▶ _Exercise details_: Please copy all of the data that follows exactly, leaving any pictures out.

▶ _Input data_:
++++++++++
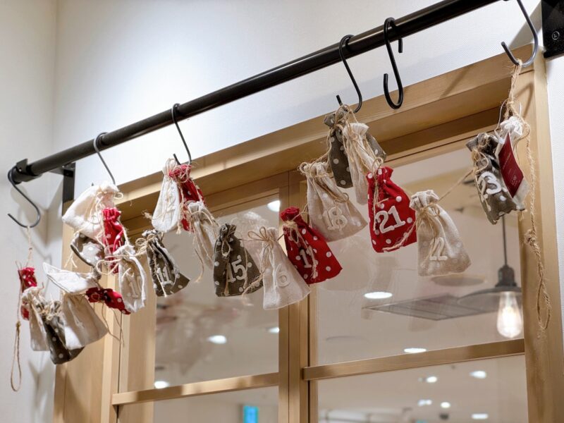 「アドベントカレンダーキンチャクセット」(2,750円)は中にお好きなお菓子や雑貨を入れてクリスマスまでのカウントダウンを楽しむガーランドです。お部屋に飾ったり、クリスマスのオーナメントとして使用するのもおすすめ!何度でも使用できるので毎年活躍しそう♪
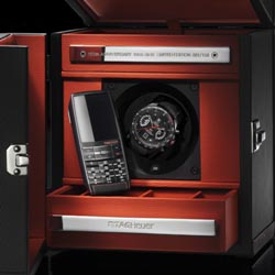 A TAG Heuer comemora em 2010 os seus 150 anos, e entre os lançamentos alusivos está um "Coffret" especial com rotor de movimento, que une um Grand Carrera Calibre 17 RS Chronograph a um telefone celular TAG Heuer Meridiist.
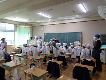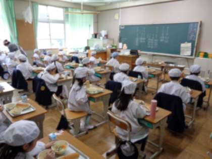 今日から1年生も給食が始まりました。給食当番の役割もしています。時間はかかりますが、ゆっくり見守り、安全な給食をめざしていきます。
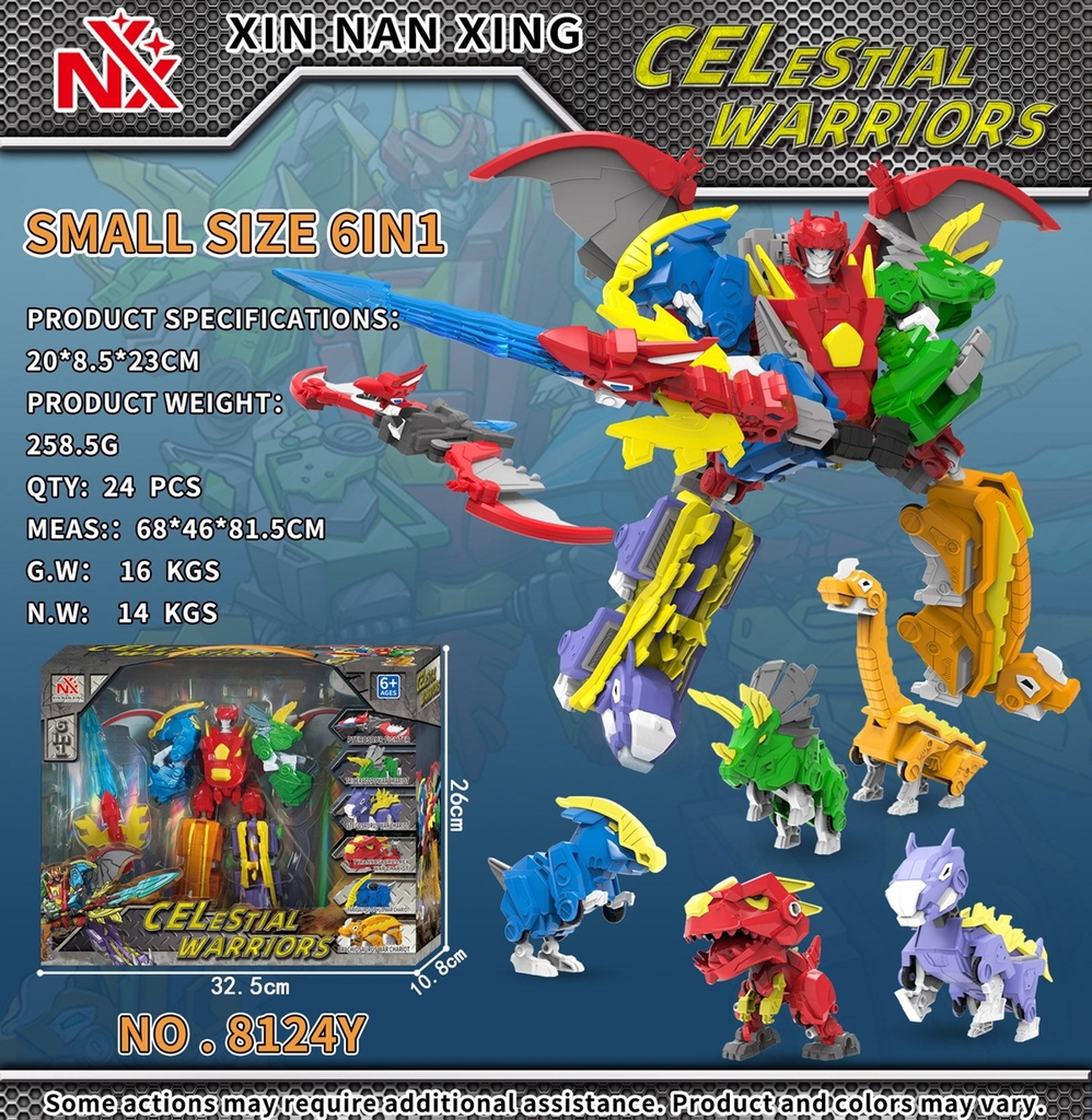 8124Y HỘP RÁP ROBO BIẾN HÌNH KHỦNG LONG ĐỦ MẪU + 1C TAY CẦM 6 IN 1
++++++++++
▶ _Solution below_:
 「アドベントカレンダーキンチャクセット」(2,750円)は中にお好きなお菓子や雑貨を入れてクリスマスまでのカウントダウンを楽しむガーランドです。お部屋に飾ったり、クリスマスのオーナメントとして使用するのもおすすめ!何度でも使用できるので毎年活躍しそう♪
 A TAG Heuer comemora em 2010 os seus 150 anos, e entre os lançamentos alusivos está um "Coffret" especial com rotor de movimento, que une um Grand Carrera Calibre 17 RS Chronograph a um telefone celular TAG Heuer Meridiist.
 今日から1年生も給食が始まりました。給食当番の役割もしています。時間はかかりますが、ゆっくり見守り、安全な給食をめざしていきます。
 8124Y HỘP RÁP ROBO BIẾN HÌNH KHỦNG LONG ĐỦ MẪU + 1C TAY CẦM 6 IN 1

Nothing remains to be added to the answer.